The Spheres Dataset: Multitrack Orchestral Recordings for Music Source Separation and Information Retrieval
Jaime Garcia-Martinez, David Diaz-Guerra, John Anderson, Ricardo Falcon-Perez, Pablo Caba\~nas-Molero, Tuomas Virtanen, Julio J. Carabias-Orti, Pedro Vera-Candeas

TL;DR
The Spheres dataset provides multitrack orchestral recordings with detailed acoustic data, designed to advance machine learning research in music source separation and related MIR tasks in classical music.
Contribution
It introduces a comprehensive orchestral dataset with multi-microphone recordings, isolated stems, and room impulse responses for benchmarking and developing separation algorithms.
Findings
Baseline models show promising separation performance.
The dataset reveals challenges in complex orchestral source separation.

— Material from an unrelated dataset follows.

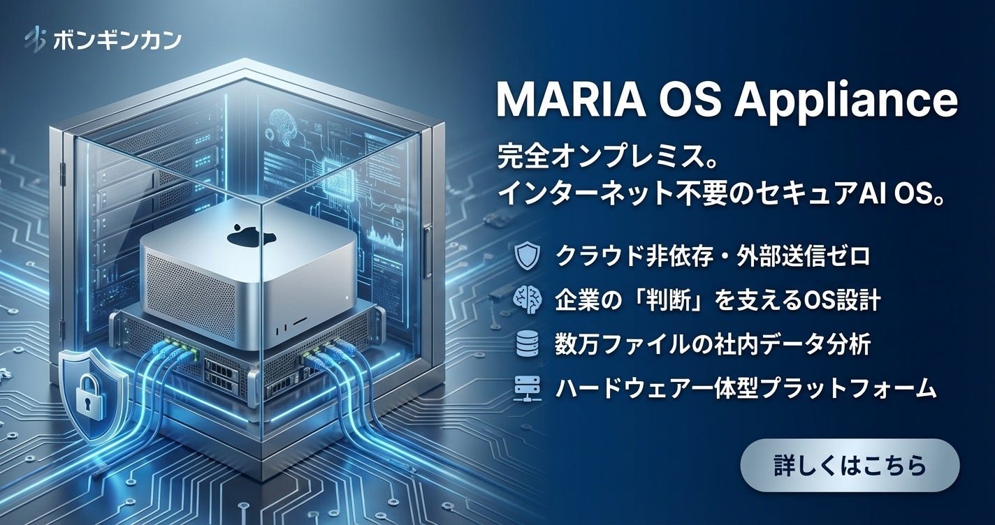ボンギンカン株式会社(本社:東京都江東区有明、代表取締役社長:坪内弘毅、以下「ボンギンカン」)は、企業の判断を支えるオンプレミス型AI判断OS「MARIA OS Appliance(マリア・オーエス・アプライアンス)」の提供を開始したことをお知らせいたします。

Acoustic analysis offers insights into recording space characteristics.
Abstract
This paper introduces The Spheres dataset, multitrack orchestral recordings designed to advance machine learning research in music source separation and related MIR tasks within the classical music domain. The dataset is composed of over one hour recordings of musical pieces performed by the Colibr\`i Ensemble at The Spheres recording studio, capturing two canonical works - Tchaikovsky's Romeo and Juliet and Mozart's Symphony No. 40 - along with chromatic scales and solo excerpts for each instrument. The recording setup employed 23 microphones, including close spot, main, and ambient microphones, enabling the creation of realistic stereo mixes with controlled bleeding and providing isolated stems for supervised training of source separation models. In addition, room impulse responses were estimated for each instrument position, offering valuable acoustic characterization of the…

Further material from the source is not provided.